Object detection is a very active area of research, and as such, new models are released every year, bringing new architectures and techniques, often surpassing the previous models in accuracy and/or speed.

Almost all object detectors developed throughout the years fall into two main categories: one-stage detectors and two-stage detectors, the latter being the first one to appear. The main difference between these two architectures is that in two-stage algorithms, a region proposal system is used to first propose an RoI prior to the proper object detection process. In general terms, this leads to better-quality predictions at the cost of processing time. On the other hand, one-stage detectors skip this process by directly using the input image ‘as is’, reducing processing time and leading to faster detectors, usually at the cost of accuracy. Ever since their appearance, these two types of object detectors have evolved differently over the years, taking advantage of the appearance of CNN in computer vision.
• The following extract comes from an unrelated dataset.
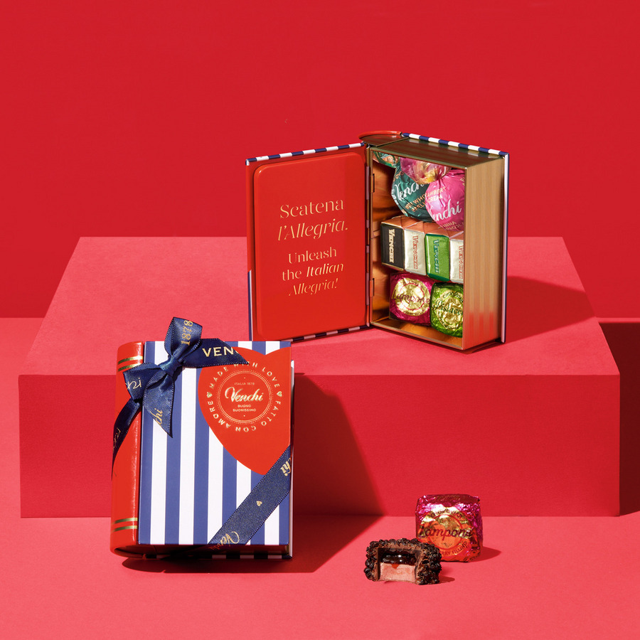 イタリアの老舗チョコブランド「ヴェンキ」のミニブック缶チョコは、青と白のストライプに真っ赤なハートがおしゃれかわいいデザイン缶。イタリア伝統のチョコレートが箱にギュッと詰まって、もらった時も開ける時もかわいいギフトです。

In addition to one- and two-stage object detectors, a third novel architecture has emerged in the last few years based on the new transformer deep learning models.

In this work, several deep learning-based object detection models are tested and later ensembled to improve predictions. The choice of the models is strongly motivated by their performance in previous works and their hardware requirements for training. The models developed are grounded on architectures based on Faster R-CNN, Cascade R-CNN, RetinaNet, and YoloV5.

All models are fine-tuned from pre-trained weights obtained using ImageNet [33] and COCO [34] data sets. Although these data sets contain images that are far different from the CXR images, the experiments have shown that the accuracy obtained improves and the training converges more easily than training the models from scratch. The criteria used to choose the selected models are that their performance must have been widely tested before, that their training requirements in terms of memory and graphics processing unit (GPU) are reasonable, and finally that the inner workings of the model are well-documented and well-understood.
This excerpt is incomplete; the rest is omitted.